Un échantillon est il représentatif du sédiment analysé ?

Considérons un tas de sédiments homogènes fractionné en échantillons identiques. Quelle est la « répétabilité » de la mesure granulométrique pour une quantité d’échantillon donnée ? Naturellement il n’existe pas de réponse unique à ces questions, tout dépend du mode de mesure choisi « sieve-by-weight » ou « grid-by-number ».

Quel volume est il nécessaire de tamiser pour bien caractériser à priori la granulométrie d’un matériau (« sieve-by-weight ») ? Une série de critères a été définie depuis les années 80 pour répondre à ce problème [Haschenburger et al. 2007]. En premier lieu, le volume à échantillonner doit être largement supérieur au volume des plus grosses particules prélevées (Figure 12). Par exemple, Mosley and Tindale [1984] proposent que la masse du plus gros claste soit inférieure à 5% de la masse totale de l’échantillon. Le volume à échantillonner devrait également être ajusté en fonction de l’hétérométrie des grains, de leur classement, de leur morphométrie, et cætera [Gale and Hoare, 1992 ; Milan et al., 1999]…

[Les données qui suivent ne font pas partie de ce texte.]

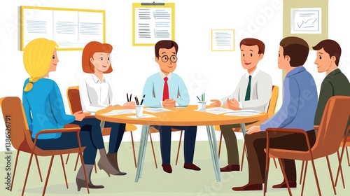 Business team meeting around a table in an office.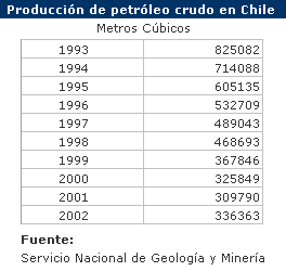Según estadísticas de la Comisión Nacional de Energía, el petróleo que se emplea en Chile principalmente se importa. Sus orígenes son diversos y en 2006 provino de: Argentina 58%, Ecuador 10%, Venezuela 6%, Perú 1% y otros 22%.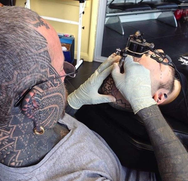 黑色面部个性纹身耳朵上线条几何纹身图案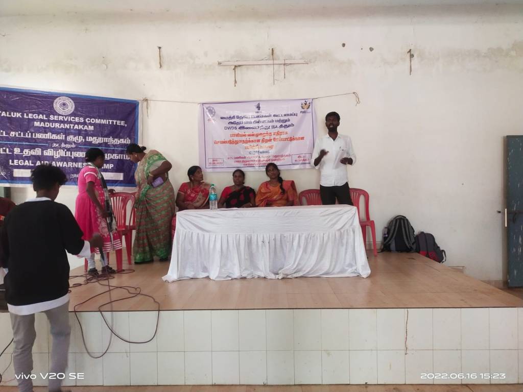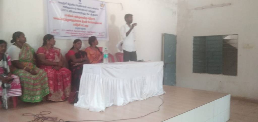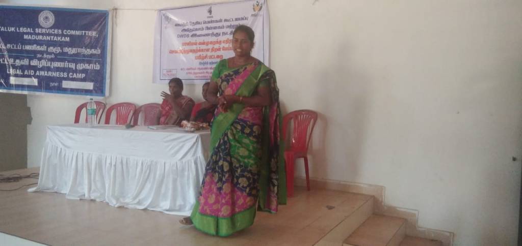 On #16.06.2022, Capacity building training was organized for CBOs with the support of DLSA, Maitri, DWDS, and ADECOM Network at Community Hall, Kadapakkam Village in Chengalpet district. The Workshop was conducted exclusively for Community based organizations in Cheyyur Taluk such as Anganwadi Teachers, Women group leaders, Local NGOs, Local Panchayath, and Social activist. There are 58 members who participated in the above-mentioned category. Of these, 7 men and 51 women. All the participants were given their full cooperation and actively participated till the workshop ends.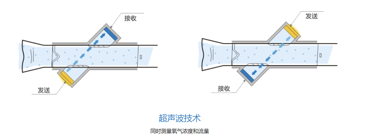 超聲波時差法是利用一對超聲波換能器相向交替(或同時)收發超聲波,通過觀測超聲波在介質(氣體或液體)中的順流和逆流的傳播時間差來間接測量流體的流速,再通過流速來計算流量的一種間接測量方法。超聲波原理的流量測量僅取決於流量和幾何形狀,不依賴於溫度,氣體成分,濕度或壓力。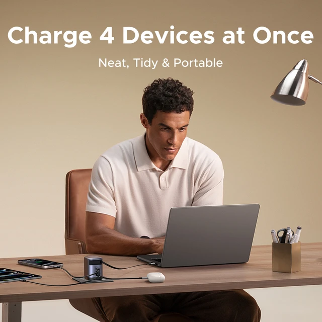 With 1 built-in retractable cable, 2 USB-C ports, and 1 USB-A port, this compact GaN charger delivers fast charging to up to 4 devices simultaneously.One charger, total convenience!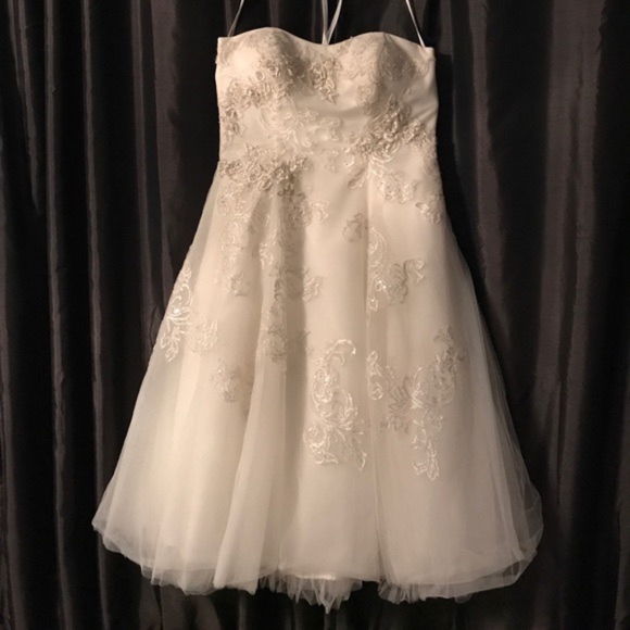 Oleg Cassini Cpk437 Tea Length Wedding Gown Sz 12

Figure 12 : Volume de sédiment à prélever pour caractériser la granulométrie d’un échantillon, estimation de l’incertitude sur les classes granulométriques [Milan et al., 1999]

Les marges d’incertitude indiquées portent sur le spectre granulométrique complet, c'est-à-dire la valeur du D50. D’après cet abaque nous pouvons estimer une incertitude de l’ordre de 1% à 5% pour nos échantillons (voir notre protocole expérimental dans les paragraphes suivants). Nous n’avons pas besoin d’une précision plus importante.

Milan et al. [1999] ont compilé sur ce graphique les données obtenues par d’autres auteurs. L’enjeu de leurs travaux est de définir le volume à échantillonner plus important encore pour caractériser au mieux chaque classe granulométrique. En réalité la précision dépend également de la morphométrie des grains [Milan et al., 1999], du contexte sédimentaire [Gale and Hoare, 1992], et cætera. Les « critères » pour un échantillonnage granulométrique idéal sont d’ailleurs encore discutés [Haschenburger et al. 2007].

Le nombre d’objets à compter pour obtenir un échantillon représentatif par la méthode « grid-by-number » a été moins étudié dans le domaine de l’analyse granulométrique. Habituellement on procède à une centaine de points de mesure, la résolution est donc de l’ordre du pourcent, et la précision au mieux de plusieurs pourcents. Nous verrons ultérieurement que cette valeur de 100 points est suffisante pour notre étude. Notons qu’il convient également de choisir une surface de mesure suffisamment grande [Rollet, 2007].

Un échantillon est il représentatif des sédiments présents sur un

segment de rivière ?

L’étape la plus critique lors d’une campagne de mesure de la granulométrie en milieu fluviatile, est le choix des emplacements adéquats pour prélever les échantillons. Plusieurs phénomènes compliquent considérablement l’opération : la variation verticale de la granulométrie (présence d’une « armure » ou de patchs de sable), et la variation spatiale dans le lit de la rivière. Nous allons voir qu’une grande quantité de mesures s’avère généralement nécessaire pour caractériser la charge de fond réelle totale transportée par une rivière [Mosley and Tindale, 1984 ; Gale and Hoare, 1992 ; Milan et al. 1999 ; Haschenburger et al. 2007]. Obtenir des résultats précis demande de toute façon beaucoup de temps et de labeur.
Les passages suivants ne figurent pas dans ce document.